** Prompt **
Set down every entry again word for word, please, but skip the pictures.
○ ○ ○ ○ ○ ○ ○
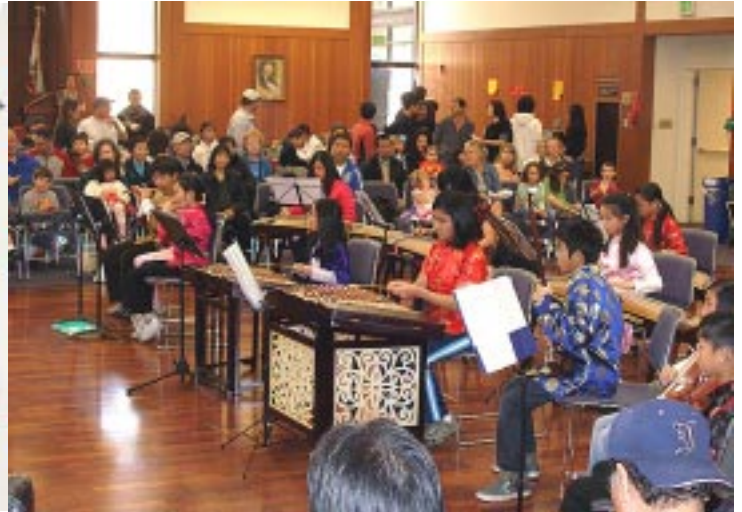
The Young Swallows play at the San Leandro Library.
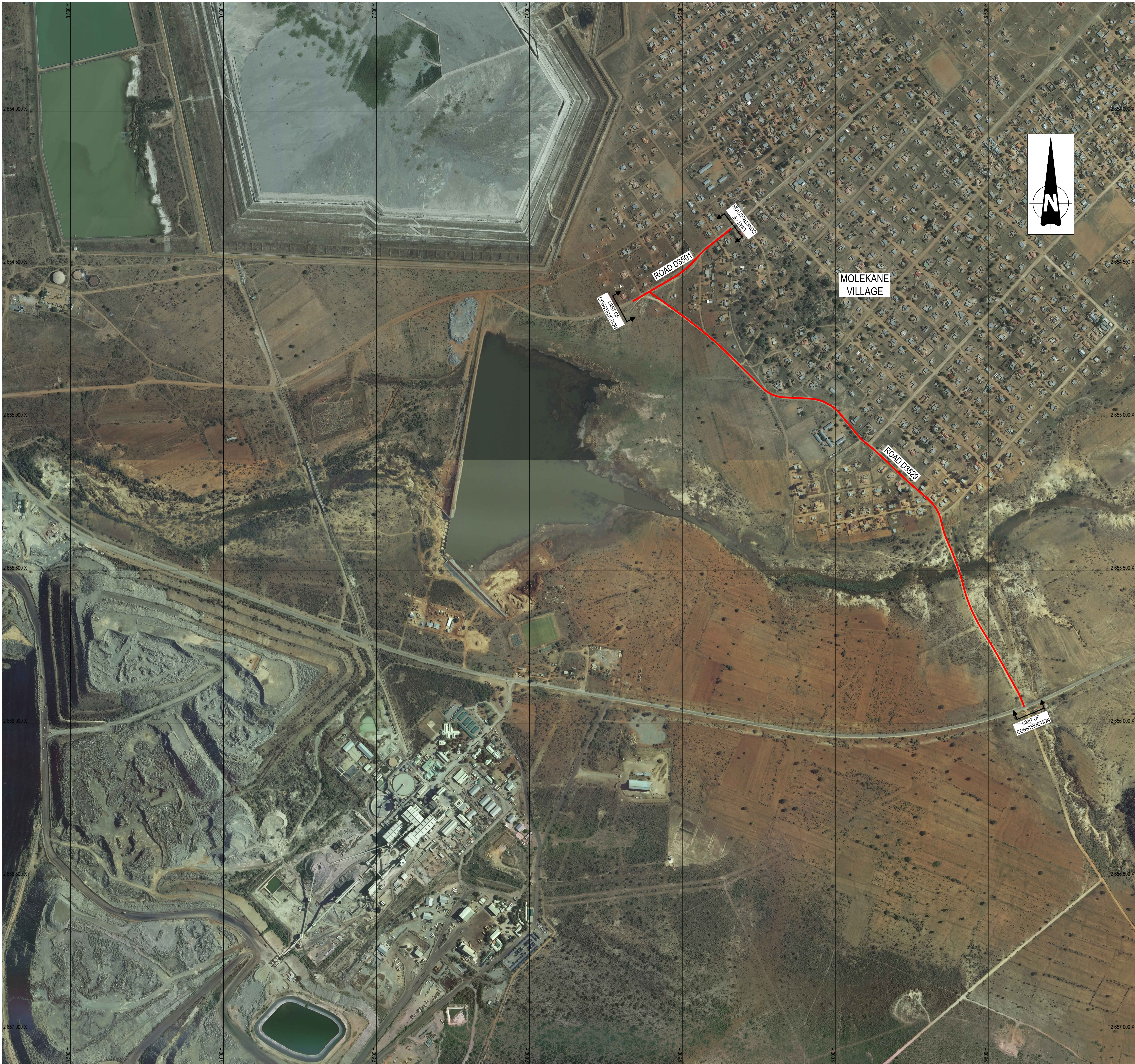
MOLEKANE VILLAGE LOCALITY PLAN SCALE 1:5000
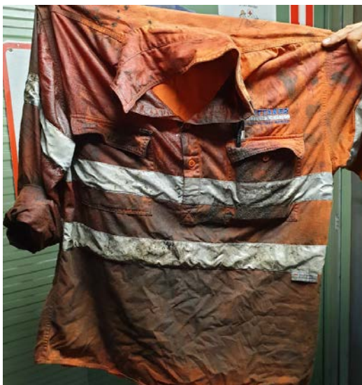
Figure 1: Shirt damaged by high pressure fluid release
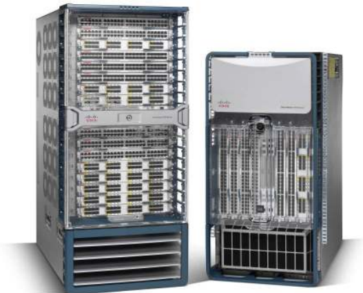
Figure 1. Cisco Nexus 7000 Series: Nexus 7018 and Nexus 7010

This document begins with a brief introduction to the Wireshark protocol analyzer and describes the Wireshark-like functions provided by Cisco NX-OS. The document explains how to use the Wireshark protocol analyzer for real-time analysis of control-plane and data-plane traffic. This document also summarizes factors to consider when using this function and the effect it can have on Cisco Nexus 7000 Series supervisors' CPUs (Figure 1).
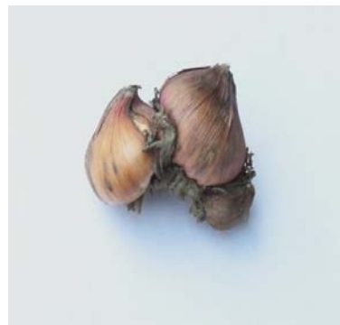
Fig:Corm of Red Genotype
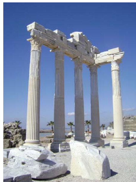
The Temple Of Apollo, Side

Antalya Archaeological Museum, Perge & Side: The winner of a pan European award, Antalya's museum displays its magnificent collection of antiquities to great effect and sets the scene beautifully for the following guided tour of Perge, one of the great Mediterranean cities of antiquity. To conclude the day, time at leisure is allowed for you to explore the fascinating ancient port city of Side.
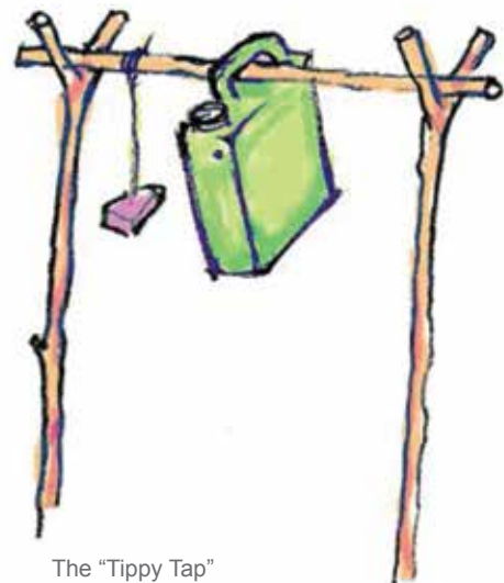
The "Tippy Tap"
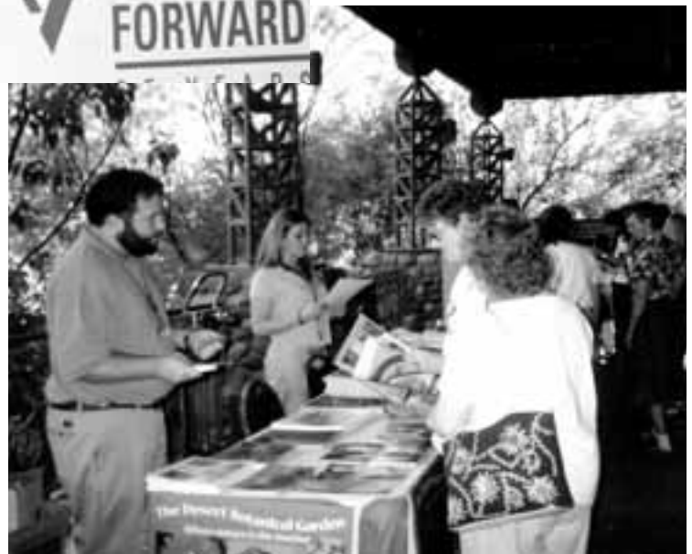
EARTHFEST EDUCATORS NIGHT – More than 200 teachers attended Valley Forward’s EarthFest Educators Night featuring 50 displays on environmental education resources. They networked, enjoyed complimentary refreshments and received an environmental education poster created by Valley Forward for use in classrooms. The poster was distributed to 1,000 teachers throughout Arizona.
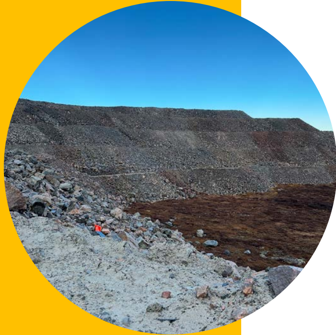
Sable waste rock pile
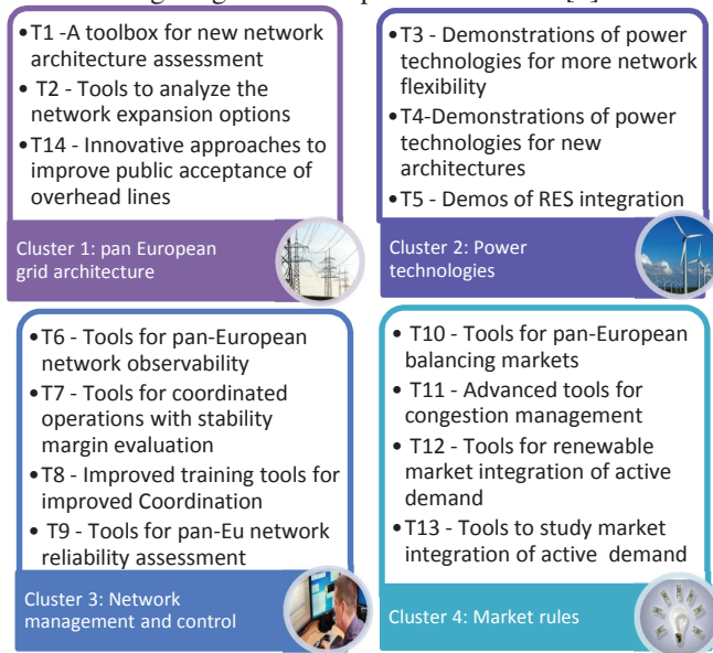
Figure 1 – EEGI structure for the analysis of Tn projects

The EEGI roadmap classified the RD&D activities in a hierarchy of clusters and functional projects, for both transmission (TSO) and Distribution System Operators (DSO) (Figure 1 and Figure 3, where Tn and Dn are the projects related to transmission and distribution, respectively). A cluster is a set of functional projects dealing with common issues that need to be managed all together to avoid overlaps and guarantee the complete coverage of these issues. A functional project (FP) is a description or definition of demonstration and/or research activities needed to reach specific functional goals, and includes budget figures and expected outcomes [3].
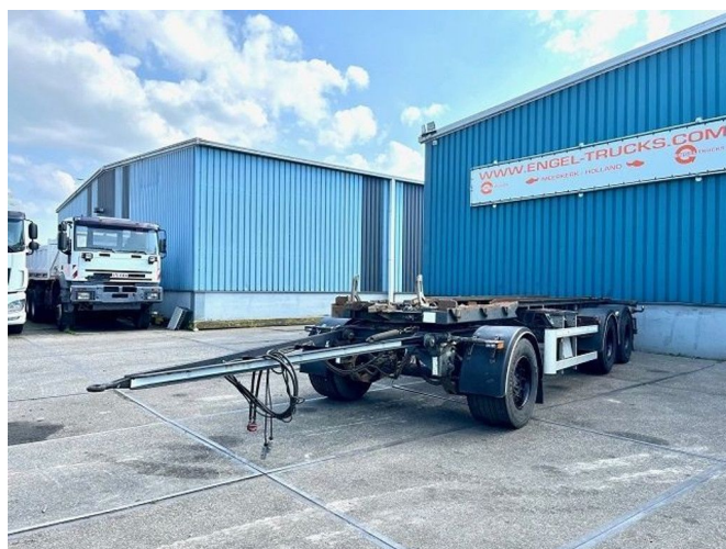
Burg BPA09-18AC 3-AXLE CONTAINER HANGER (SAF AXL...
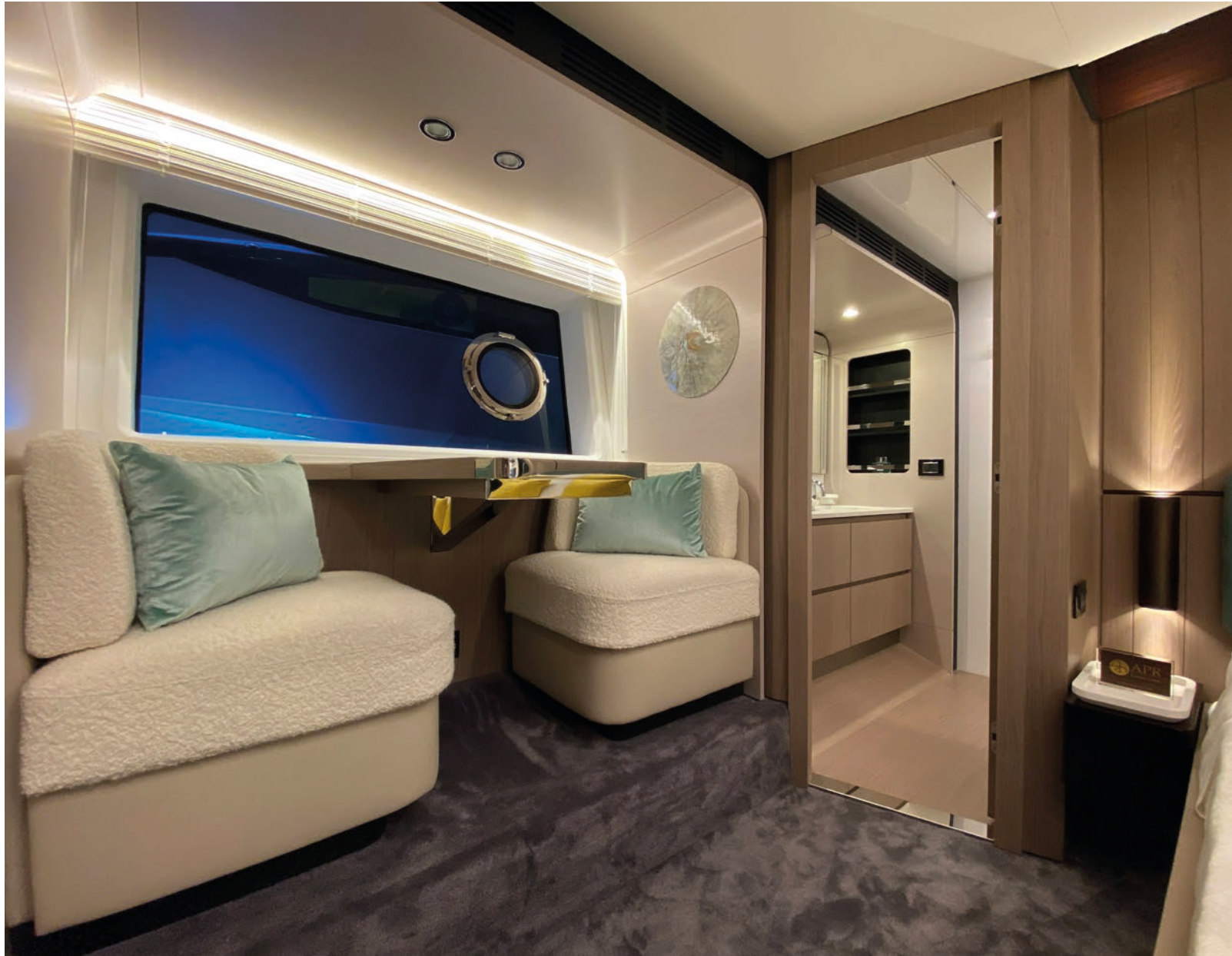
Brushed desert oak 10 gloss, pearl taw 25 gloss, mahogany 100 gloss.
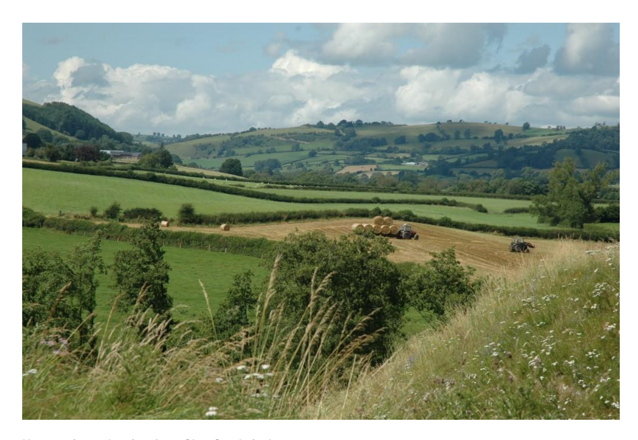
Harvest time - the view from Clun Castle in August.

One of the best aspects of the castle is the glorious views of rural Shropshire - these were spectacular at harvest time. Local farmers were busy harvesting the wheat in the surrounding fields and transporting it away on giant trailers. Another feature was the floodlit bowling green built by local residents on part of the bailey. Other parts of the castle grounds are used every year for the town's Green Man festival, which celebrates the coming of summer to the Clun valley.
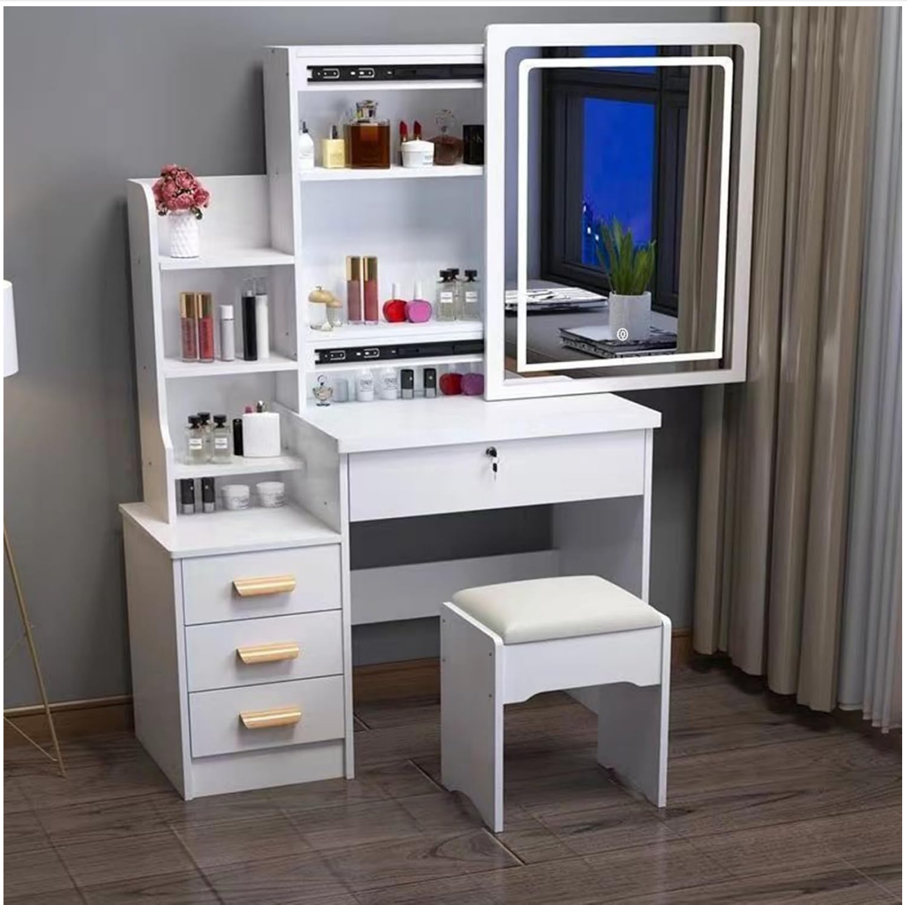
Figure 3: Vanity Desk with Sliding Mirror and Storage.
○ ○ ○ ○ ○ ○ ○
** Answer space **
The Young Swallows play at the San Leandro Library.
MOLEKANE VILLAGE LOCALITY PLAN SCALE 1:5000
Figure 1: Shirt damaged by high pressure fluid release
Figure 1. Cisco Nexus 7000 Series: Nexus 7018 and Nexus 7010

This document begins with a brief introduction to the Wireshark protocol analyzer and describes the Wireshark-like functions provided by Cisco NX-OS. The document explains how to use the Wireshark protocol analyzer for real-time analysis of control-plane and data-plane traffic. This document also summarizes factors to consider when using this function and the effect it can have on Cisco Nexus 7000 Series supervisors' CPUs (Figure 1).
Fig:Corm of Red Genotype
The Temple Of Apollo, Side

Antalya Archaeological Museum, Perge & Side: The winner of a pan European award, Antalya's museum displays its magnificent collection of antiquities to great effect and sets the scene beautifully for the following guided tour of Perge, one of the great Mediterranean cities of antiquity. To conclude the day, time at leisure is allowed for you to explore the fascinating ancient port city of Side.
The "Tippy Tap"
EARTHFEST EDUCATORS NIGHT – More than 200 teachers attended Valley Forward’s EarthFest Educators Night featuring 50 displays on environmental education resources. They networked, enjoyed complimentary refreshments and received an environmental education poster created by Valley Forward for use in classrooms. The poster was distributed to 1,000 teachers throughout Arizona.
Sable waste rock pile
Figure 1 – EEGI structure for the analysis of Tn projects

The EEGI roadmap classified the RD&D activities in a hierarchy of clusters and functional projects, for both transmission (TSO) and Distribution System Operators (DSO) (Figure 1 and Figure 3, where Tn and Dn are the projects related to transmission and distribution, respectively). A cluster is a set of functional projects dealing with common issues that need to be managed all together to avoid overlaps and guarantee the complete coverage of these issues. A functional project (FP) is a description or definition of demonstration and/or research activities needed to reach specific functional goals, and includes budget figures and expected outcomes [3].
Burg BPA09-18AC 3-AXLE CONTAINER HANGER (SAF AXL...
Brushed desert oak 10 gloss, pearl taw 25 gloss, mahogany 100 gloss.
Harvest time - the view from Clun Castle in August.

One of the best aspects of the castle is the glorious views of rural Shropshire - these were spectacular at harvest time. Local farmers were busy harvesting the wheat in the surrounding fields and transporting it away on giant trailers. Another feature was the floodlit bowling green built by local residents on part of the bailey. Other parts of the castle grounds are used every year for the town's Green Man festival, which celebrates the coming of summer to the Clun valley.
Figure 3: Vanity Desk with Sliding Mirror and Storage.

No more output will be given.